There is a wide range of size, type and complexity, but it enables a small number of operators to manage complex processes to a high degree of consistency. The development of large automatic process control systems was instrumental in enabling the design of large high volume and complex processes, which could not be otherwise economically or safely operated.

In process control, there is process gain. Process gain is the relationship between the process control output and the process control input, and is defined as the change in input divided by the change in output. Positive gain is when both the input and the output are increasing, while negative gain is when the input increases, while the output decreases.

The applications can range from controlling the temperature and level of a single process vessel, to a complete chemical processing plant with several thousand control loops.


Early process control breakthroughs came most frequently in the form of water control devices. Ktesibios of Alexandria is credited for inventing float valves to regulate water level of water clocks in the 3rd Century BC. In the 1st Century AD, Heron of Alexandria invented a water valve similar to the fill valve used in modern toilets [1].

Later process controls inventions involved basic physics principles. In 1620, Cornlis Drebbel invented a bimetallic thermostat for controlling the temperature in a furnace. In 1681, Denis Papin discovered the pressure inside a vessel could be regulated by placing weights on top of the vessel lid[2]. In 1745, Edmund Lee created the fantail to improve windmill efficiency; a fantail was a smaller windmill placed 90° of the larger fans to keep the face of the windmill pointed directly into the oncoming wind.
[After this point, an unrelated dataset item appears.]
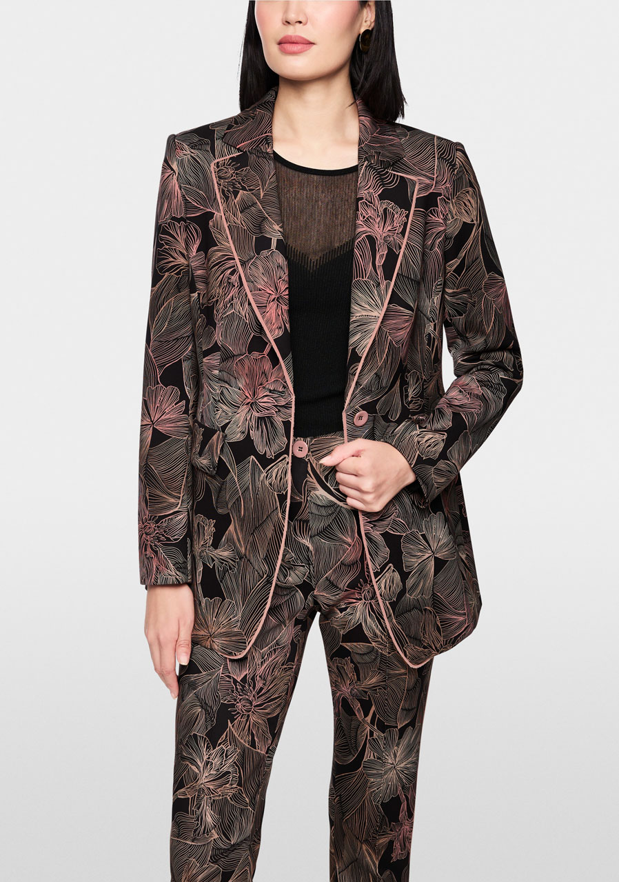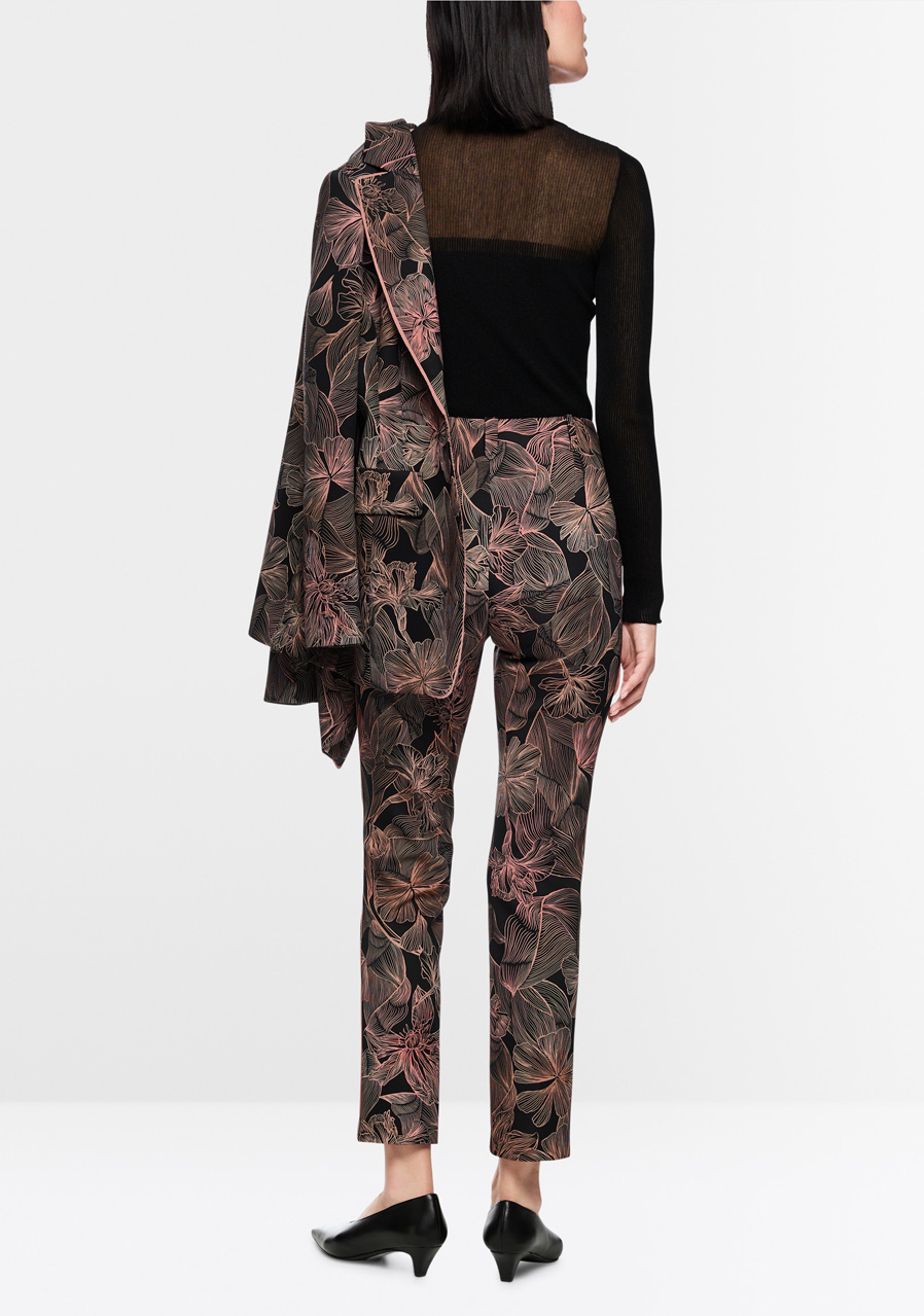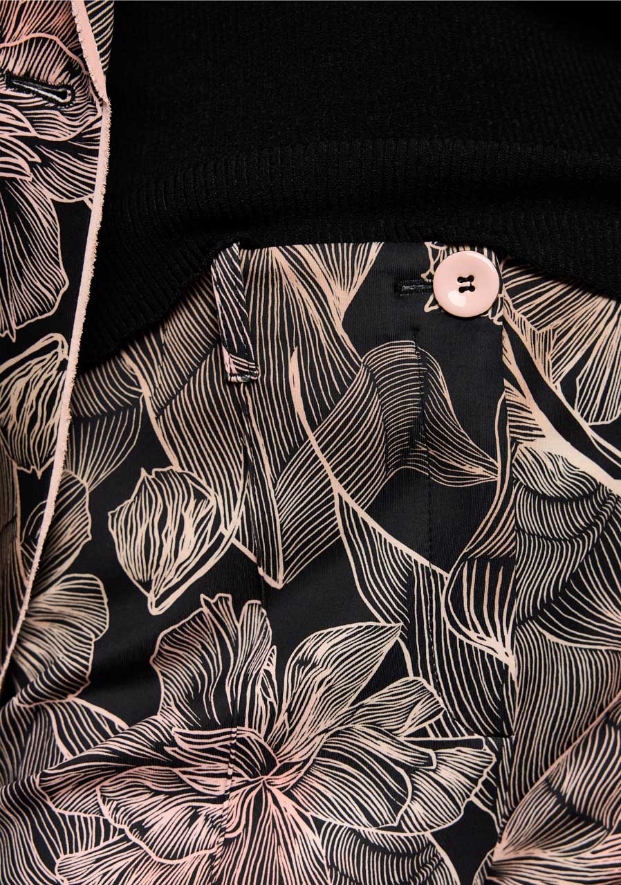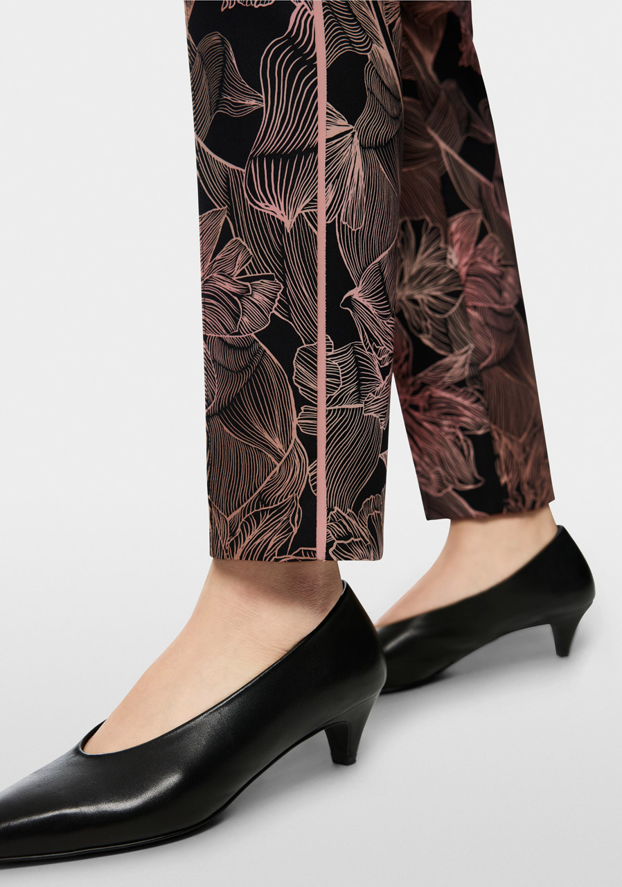 Nohavice SYDNEY predstavujú moderný, úzko strihaný model so skrátenými priliehavými nohavicami a elegantným záhybom, ktorý dodáva celému looku upravený charakter. Sú vyrobené z pohodlného potápačského džerseja, čo zaisťuje mimoriadny komfort počas nosenia a príjemnú pružnosť. Celoplošná kvetinová potlač prepožičiava nohaviciam výrazne ženský štýl, ktorý je možné perfektne zladiť so sakom v rovnakom dizajne pre sofistikovaný set. Ozdobný bočný prúžok dodáva moderný športovo-elegantný akcent.

With the dawn of the Industrial Revolution in the 1760’s, process controls inventions were aimed to replace human operators with mechanized processes. In 1784, Oliver Evans created a water-powered flourmill which operated using buckets and screw conveyors. Henry Ford applied the same theory in 1910 when the assembly line was created to decrease human intervention in the automobile production process[3].

Major breakthroughs in process controls came in the 1920’s, when Nicolas Minorsky published a study on using proportional, derivative, and second-derivative controllers to steer ships. Minorsky also demonstrated that differential equations could be used to improve ship steering stability. In addition, Harry Nyquist developed a procedure for determining the stability of feedback systems. Throughout the next 3 decades, countless articles and papers on process control theory appeared. Most notably, the first text on process controls was published by AJ Young in 1954, followed by a second text from Norman Ceaglske in 1956. From this point onward, process controls became fundamental topic for chemical engineering students[4].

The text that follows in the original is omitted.